Early life and education

Richard Stallings was born in Ogden, Utah to Howard and Elizabeth (née Austin) Stallings in 1940. Richard was raised in Ogden along with his younger sister, Marilyn. He grew up active in Scouting, earning the rank of Eagle Scout at age 16, and a year later the Silver Award.[1] Stallings is a graduate of the Ben Lomond High School class of 1958. He served as a missionary for the Church of Jesus Christ of Latter-day Saints in New Zealand from 1960 to 1962. He earned a Bachelor of Science in history and political science from Weber State College, then went on to earn a Master of Science in history from Utah State University, having fulfilled a portion of his Master's studies at Colorado College.

Career

Stallings taught history at Ricks College in Rexburg, Idaho from 1969 until his election to Congress in 1984.

U.S. House of Representatives

Idaho Democrats nominated Stallings to challenge four-term Republican incumbent George Hansen in 1982, but he lost in the general election. In 1984, after Hansen was censured by the House of Representatives, Stallings defeated him in a hotly contested race by fewer than 200 votes. [2] Despite representing a heavily Republican district, Stallings was re-elected three times.

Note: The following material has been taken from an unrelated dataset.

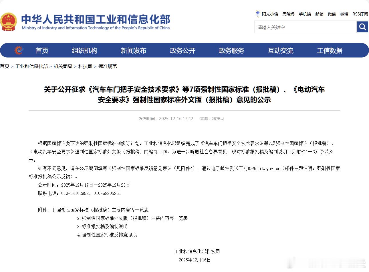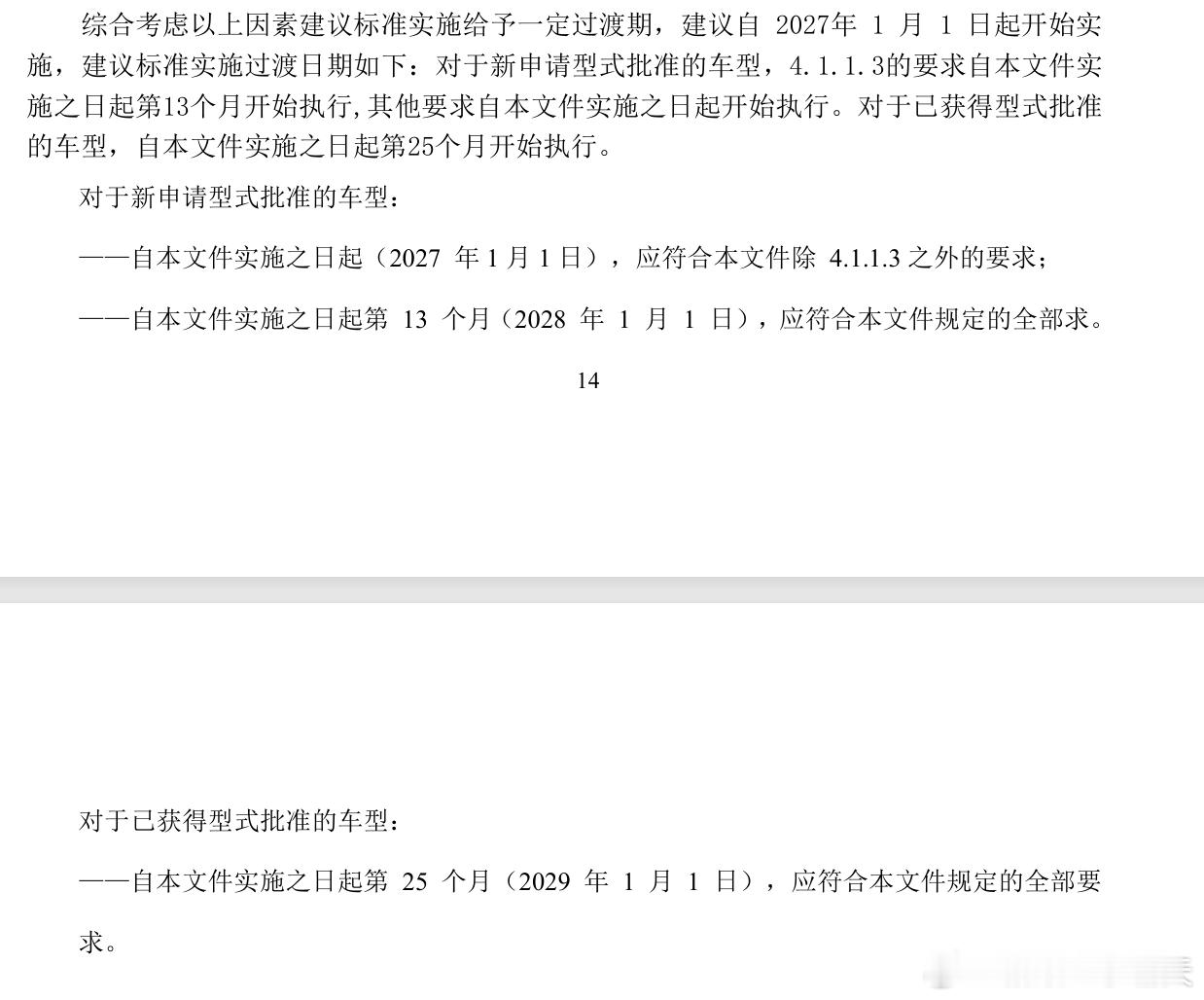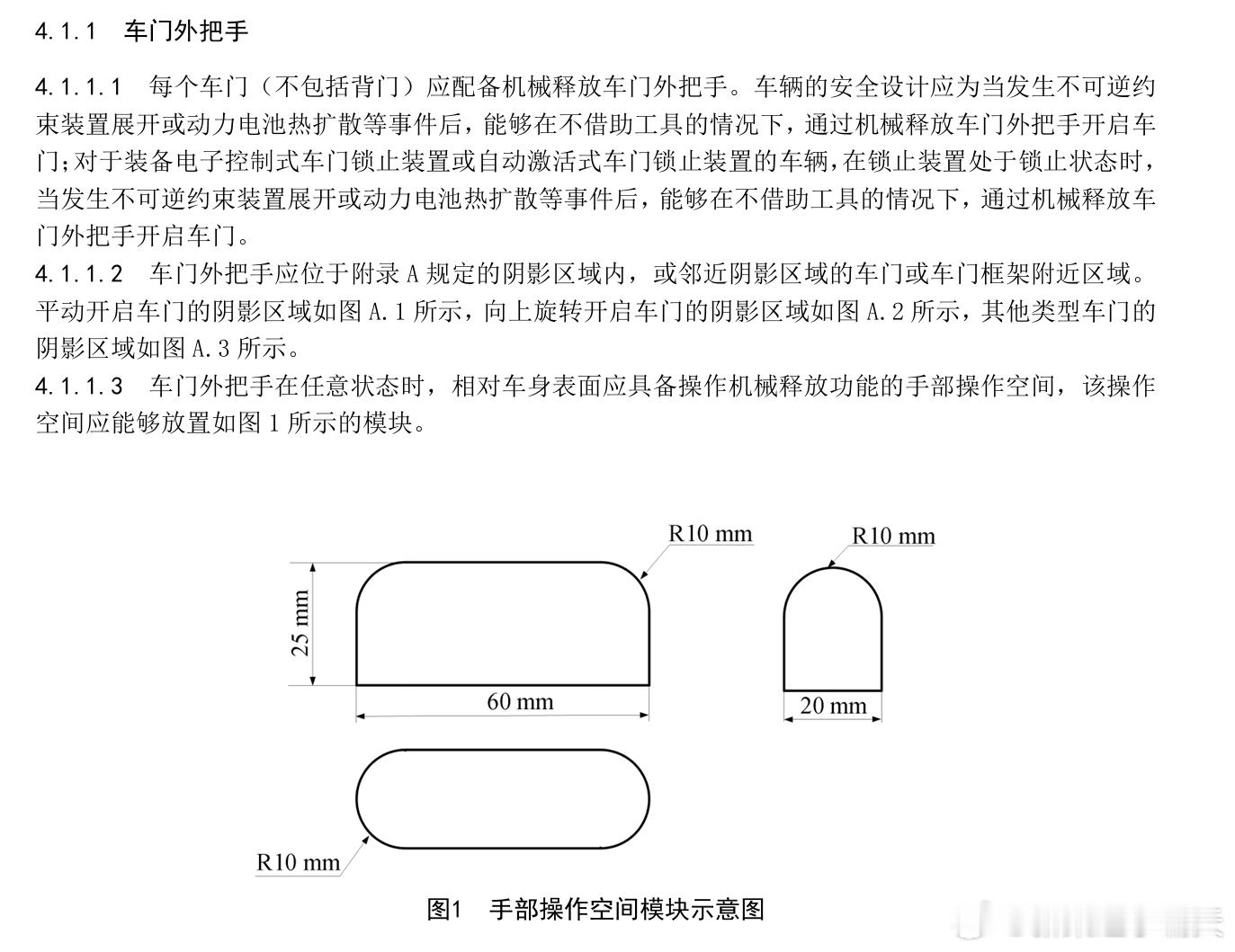 门把手式样迎来大洗牌~之前有个公开数据,销量TOP100的新能源车,60%都是隐藏式门把手。最近,图1工信部编制的《汽车车门把手安全技术要求》,算是明确要禁止全隐藏式门把手~具体要求:每个车门的车门外把手在任意状态时,相对车身表面应具备手部操作空间,该操作空间应不小于60mm×20mm×25mm(图2)。这就要求必须要能扣开门。值得注意的是,新规从2027年1月1日开始实施。新申报的车型,2028年1月1日起就得符合新规;已经获批的老车型,最晚2029年1月1日前完成整改。(图3)我理解是,新老车型都要改模具、改产线。不知道已生产、已交付的车型会不会要改门把手明确禁止全隐藏式门把手全隐藏式门把手退场倒计时新能源汽车

A conservative Democrat, Stallings unexpectedly received three votes for the presidential nomination from anti-abortion delegates at the 1988 Democratic National Convention.[3]

Senate campaign

Stallings was the Democratic nominee in 1992 for an open seat in the United States Senate, but lost to Dirk Kempthorne, the popular two-term mayor of Boise.

Clinton administration

In 1993, Stallings was appointed United States Nuclear Waste Negotiator by President Bill Clinton and served in that capacity until the office was eliminated in early 1995.

Later career

Stallings attempted to win his old House seat back in 1998, but was defeated by state house Speaker Mike Simpson of Blackfoot in the general election. The seat was open, as three-term incumbent Mike Crapo successfully ran for an open seat in the U.S. Senate.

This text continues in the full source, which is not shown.